■ **EXERCISE**: Repeat the data exactly as given below, dropping every picture.

■ **TASK INPUT**:
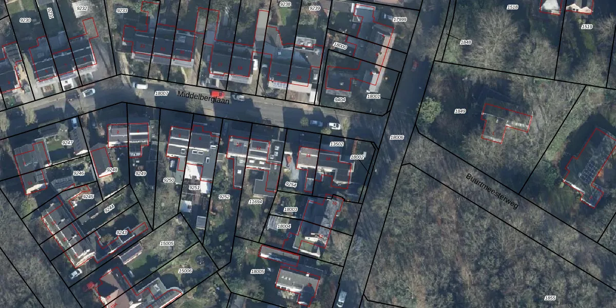 Het perceel waarop Middelberglaan 14 staat heeft een oppervlakte van 235 m². Dit is een middelgroot perceel. De perceeloppervlakte wordt geregistreerd door het Kadaster. Gedetailleerde informatie over de maten van dit perceel kunt u vinden in het rapport Kadastrale kaart met maatvoering van Middelberglaan 14.
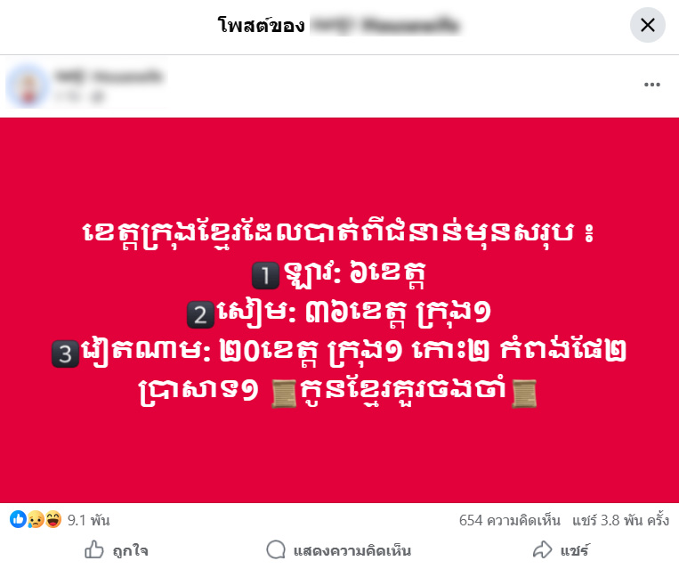 ภาพบันทึกหน้าจอแสดงโพสต์อ้าง “ลาว ไทย เวียดนาม” ยึด 62 จังหวัดของกัมพูชา
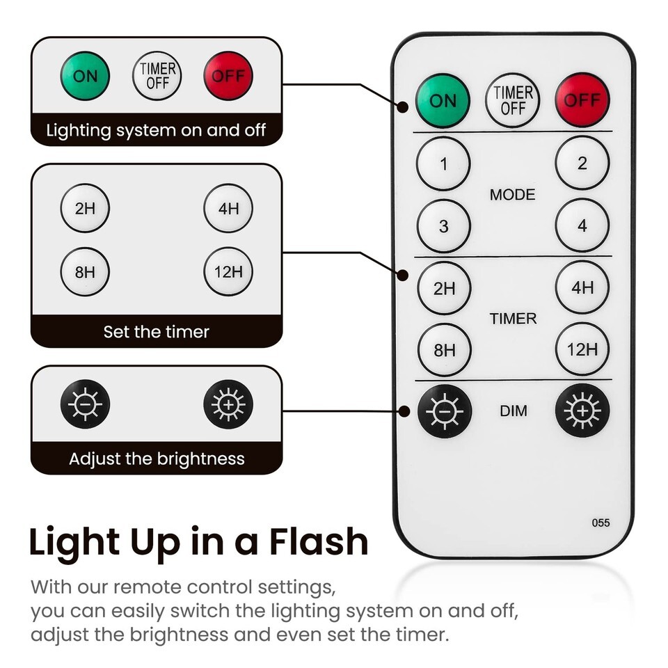 Light Up in a Flash: With our remote control settings, you can easily switch the lighting system on and off and even set the timer off as well as 4 lighting modes with constant light, breathing, fast flashing, and slow flashing to match your decorating need.
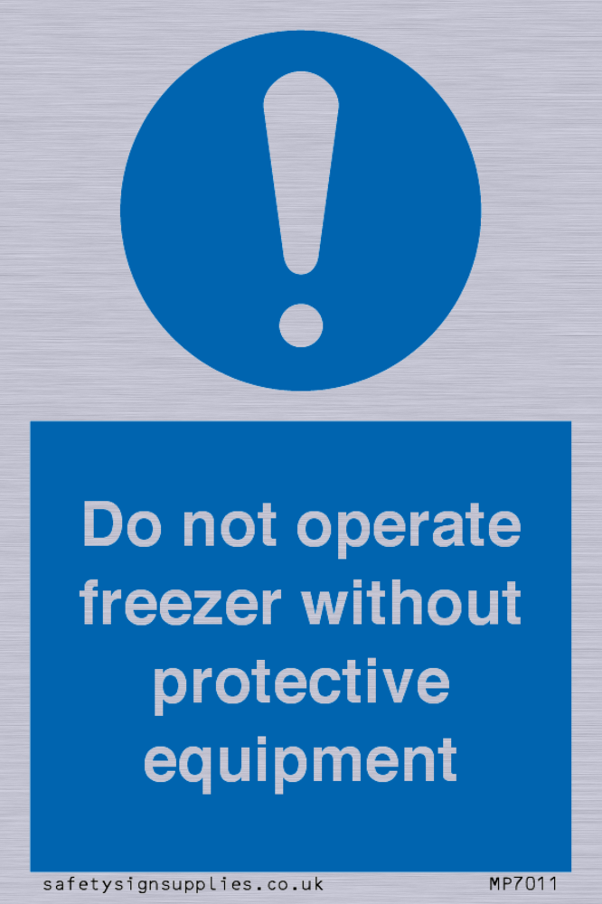 Sign Text: Do not operate freezer without protective equipment
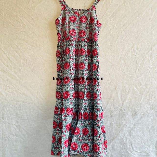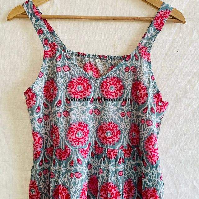 Hermoso Vestido Estampado Floral en Bloques de Algodón, Vestido para Uso Casual, Vestido Estampado a Mano
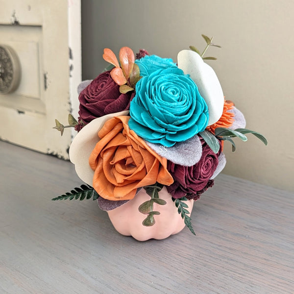 Peach pumpkin with sola wood flowers in assorted colors and faux greenery.

■ **ANSWER TO THIS TASK**:
 Het perceel waarop Middelberglaan 14 staat heeft een oppervlakte van 235 m². Dit is een middelgroot perceel. De perceeloppervlakte wordt geregistreerd door het Kadaster. Gedetailleerde informatie over de maten van dit perceel kunt u vinden in het rapport Kadastrale kaart met maatvoering van Middelberglaan 14.
 ภาพบันทึกหน้าจอแสดงโพสต์อ้าง “ลาว ไทย เวียดนาม” ยึด 62 จังหวัดของกัมพูชา
 Light Up in a Flash: With our remote control settings, you can easily switch the lighting system on and off and even set the timer off as well as 4 lighting modes with constant light, breathing, fast flashing, and slow flashing to match your decorating need.
 Sign Text: Do not operate freezer without protective equipment
 Hermoso Vestido Estampado Floral en Bloques de Algodón, Vestido para Uso Casual, Vestido Estampado a Mano
 Peach pumpkin with sola wood flowers in assorted colors and faux greenery.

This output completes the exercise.